WHAT YOU NEED TO DO: Copy from the first line below down to and including the line with "O projeto aqui". Skip the pictures.

DATA PROVIDED:

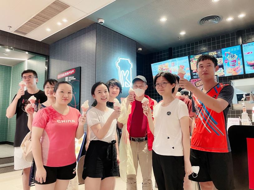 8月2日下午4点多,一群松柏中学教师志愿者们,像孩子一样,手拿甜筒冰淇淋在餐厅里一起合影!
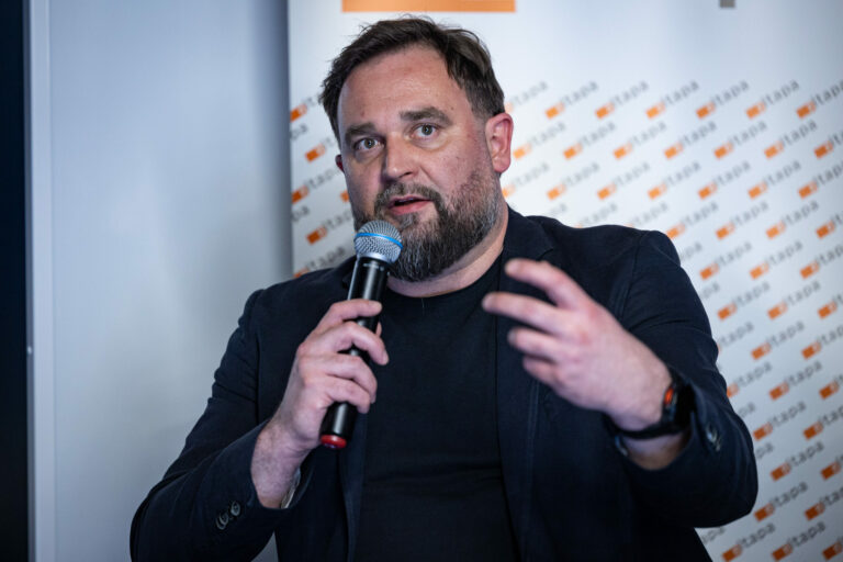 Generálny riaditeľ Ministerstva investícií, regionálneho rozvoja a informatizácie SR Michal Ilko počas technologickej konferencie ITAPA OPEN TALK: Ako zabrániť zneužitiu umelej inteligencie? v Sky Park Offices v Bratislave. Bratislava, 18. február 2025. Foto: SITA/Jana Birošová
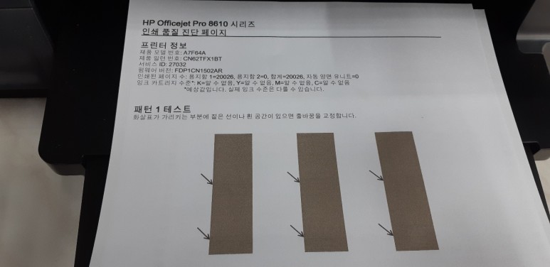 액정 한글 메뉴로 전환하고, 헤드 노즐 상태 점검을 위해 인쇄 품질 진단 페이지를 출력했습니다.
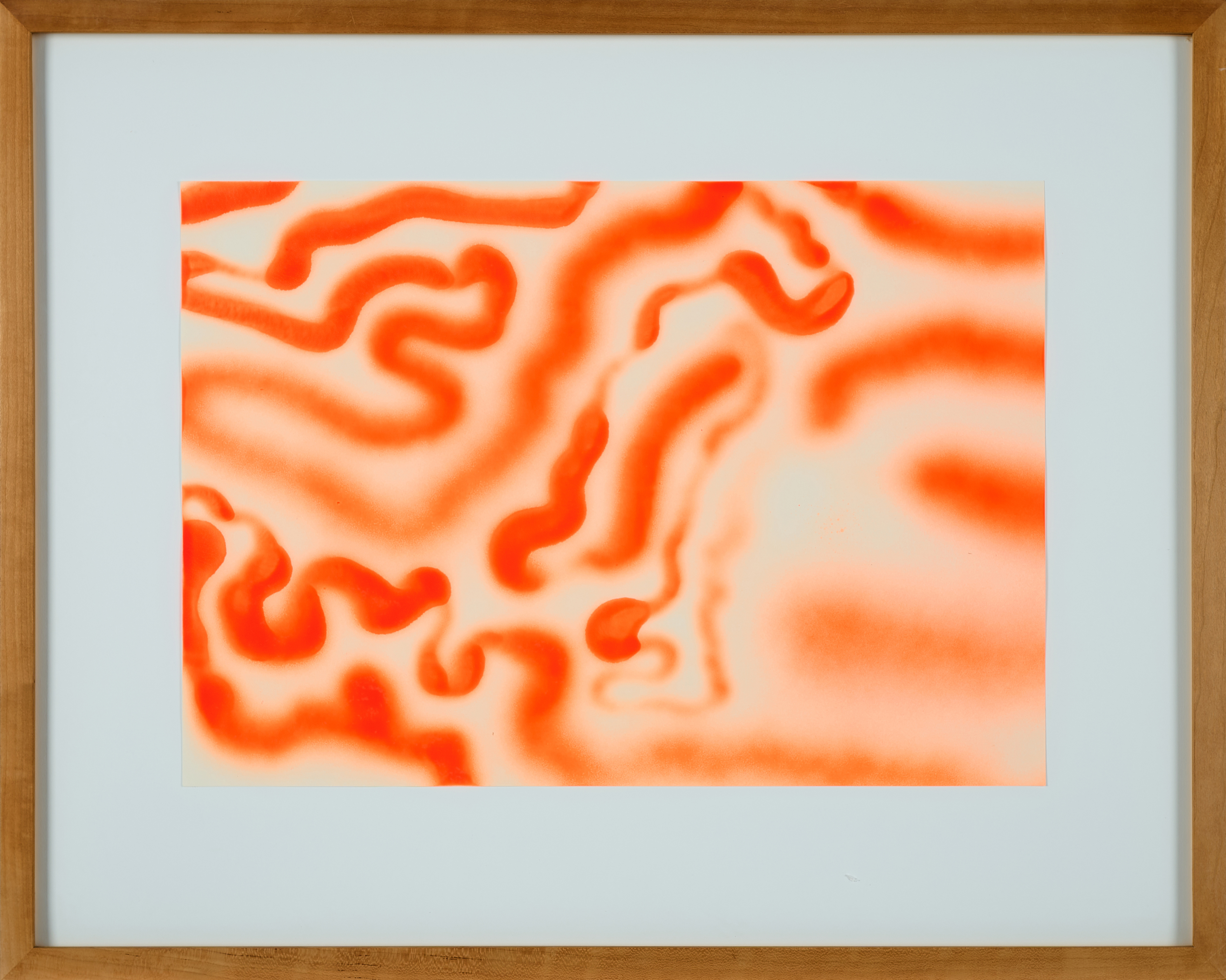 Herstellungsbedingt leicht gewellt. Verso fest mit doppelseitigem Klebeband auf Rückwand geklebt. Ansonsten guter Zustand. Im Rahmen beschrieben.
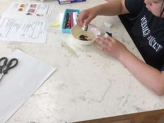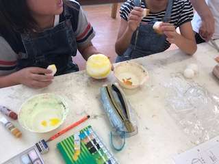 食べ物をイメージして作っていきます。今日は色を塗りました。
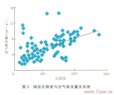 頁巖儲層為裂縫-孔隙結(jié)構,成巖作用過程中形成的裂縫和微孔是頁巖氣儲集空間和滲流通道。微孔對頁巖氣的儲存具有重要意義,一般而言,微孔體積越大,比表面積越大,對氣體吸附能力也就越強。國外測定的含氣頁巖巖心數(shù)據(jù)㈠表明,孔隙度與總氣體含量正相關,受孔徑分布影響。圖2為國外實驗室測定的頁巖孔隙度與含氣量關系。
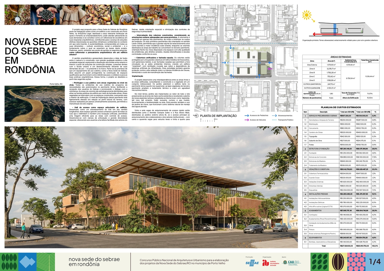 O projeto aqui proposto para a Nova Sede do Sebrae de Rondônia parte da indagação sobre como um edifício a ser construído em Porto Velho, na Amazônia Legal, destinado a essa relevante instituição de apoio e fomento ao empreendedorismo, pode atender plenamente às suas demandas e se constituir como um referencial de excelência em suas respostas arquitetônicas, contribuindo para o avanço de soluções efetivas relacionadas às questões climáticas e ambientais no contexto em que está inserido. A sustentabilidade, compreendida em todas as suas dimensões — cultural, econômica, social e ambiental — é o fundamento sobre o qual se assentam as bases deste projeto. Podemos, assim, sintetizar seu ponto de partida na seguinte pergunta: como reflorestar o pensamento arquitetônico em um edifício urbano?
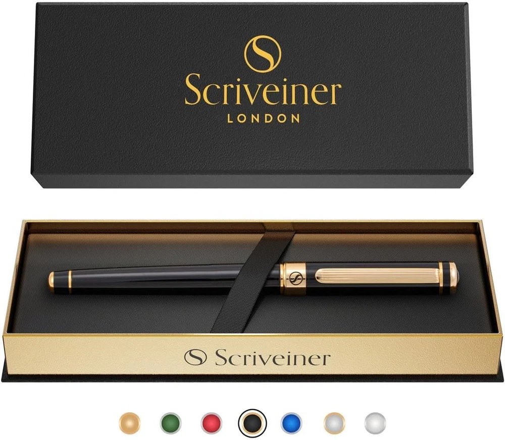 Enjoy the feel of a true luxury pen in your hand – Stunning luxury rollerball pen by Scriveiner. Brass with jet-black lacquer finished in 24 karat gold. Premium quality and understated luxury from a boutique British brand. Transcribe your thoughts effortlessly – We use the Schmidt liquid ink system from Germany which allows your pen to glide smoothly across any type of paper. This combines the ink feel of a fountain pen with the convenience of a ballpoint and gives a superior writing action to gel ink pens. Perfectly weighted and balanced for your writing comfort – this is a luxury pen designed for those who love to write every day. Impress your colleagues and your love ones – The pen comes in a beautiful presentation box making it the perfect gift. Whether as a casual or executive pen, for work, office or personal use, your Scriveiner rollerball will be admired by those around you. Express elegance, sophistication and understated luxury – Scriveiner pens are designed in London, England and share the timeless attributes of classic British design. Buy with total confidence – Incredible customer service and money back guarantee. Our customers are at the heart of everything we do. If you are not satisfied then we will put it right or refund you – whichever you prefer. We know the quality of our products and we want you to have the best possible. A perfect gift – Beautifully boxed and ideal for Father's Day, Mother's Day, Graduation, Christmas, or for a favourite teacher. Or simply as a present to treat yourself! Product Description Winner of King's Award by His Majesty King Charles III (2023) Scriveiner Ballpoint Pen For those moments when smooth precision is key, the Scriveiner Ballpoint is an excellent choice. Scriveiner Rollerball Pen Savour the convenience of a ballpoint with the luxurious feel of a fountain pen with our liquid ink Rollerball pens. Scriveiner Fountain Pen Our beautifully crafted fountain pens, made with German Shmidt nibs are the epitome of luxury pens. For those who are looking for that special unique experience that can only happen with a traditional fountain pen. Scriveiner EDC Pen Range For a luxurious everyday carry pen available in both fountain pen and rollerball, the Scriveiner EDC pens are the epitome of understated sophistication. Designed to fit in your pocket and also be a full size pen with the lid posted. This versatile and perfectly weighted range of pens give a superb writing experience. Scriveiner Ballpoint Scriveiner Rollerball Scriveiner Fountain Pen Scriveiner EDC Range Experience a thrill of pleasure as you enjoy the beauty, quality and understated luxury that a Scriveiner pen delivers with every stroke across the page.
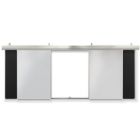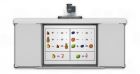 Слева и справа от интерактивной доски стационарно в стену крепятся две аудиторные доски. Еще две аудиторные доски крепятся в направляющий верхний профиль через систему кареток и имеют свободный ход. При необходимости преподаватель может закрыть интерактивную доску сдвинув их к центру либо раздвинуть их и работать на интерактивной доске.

ANSWER TO THE EXERCISE:
 8月2日下午4点多,一群松柏中学教师志愿者们,像孩子一样,手拿甜筒冰淇淋在餐厅里一起合影!
 Generálny riaditeľ Ministerstva investícií, regionálneho rozvoja a informatizácie SR Michal Ilko počas technologickej konferencie ITAPA OPEN TALK: Ako zabrániť zneužitiu umelej inteligencie? v Sky Park Offices v Bratislave. Bratislava, 18. február 2025. Foto: SITA/Jana Birošová
 액정 한글 메뉴로 전환하고, 헤드 노즐 상태 점검을 위해 인쇄 품질 진단 페이지를 출력했습니다.
 Herstellungsbedingt leicht gewellt. Verso fest mit doppelseitigem Klebeband auf Rückwand geklebt. Ansonsten guter Zustand. Im Rahmen beschrieben.
 食べ物をイメージして作っていきます。今日は色を塗りました。
 頁巖儲層為裂縫-孔隙結(jié)構,成巖作用過程中形成的裂縫和微孔是頁巖氣儲集空間和滲流通道。微孔對頁巖氣的儲存具有重要意義,一般而言,微孔體積越大,比表面積越大,對氣體吸附能力也就越強。國外測定的含氣頁巖巖心數(shù)據(jù)㈠表明,孔隙度與總氣體含量正相關,受孔徑分布影響。圖2為國外實驗室測定的頁巖孔隙度與含氣量關系。
 O projeto aqui proposto para a Nova Sede do Sebrae de Rondônia parte da indagação sobre como um edifício a ser construído em Porto Velho, na Amazônia Legal, destinado a essa relevante instituição de apoio e fomento ao empreendedorismo, pode atender plenamente às suas demandas e se constituir como um referencial de excelência em suas respostas arquitetônicas, contribuindo para o avanço de soluções efetivas relacionadas às questões climáticas e ambientais no contexto em que está inserido. A sustentabilidade, compreendida em todas as suas dimensões — cultural, econômica, social e ambiental — é o fundamento sobre o qual se assentam as bases deste projeto. Podemos, assim, sintetizar seu ponto de partida na seguinte pergunta: como reflorestar o pensamento arquitetônico em um edifício urbano?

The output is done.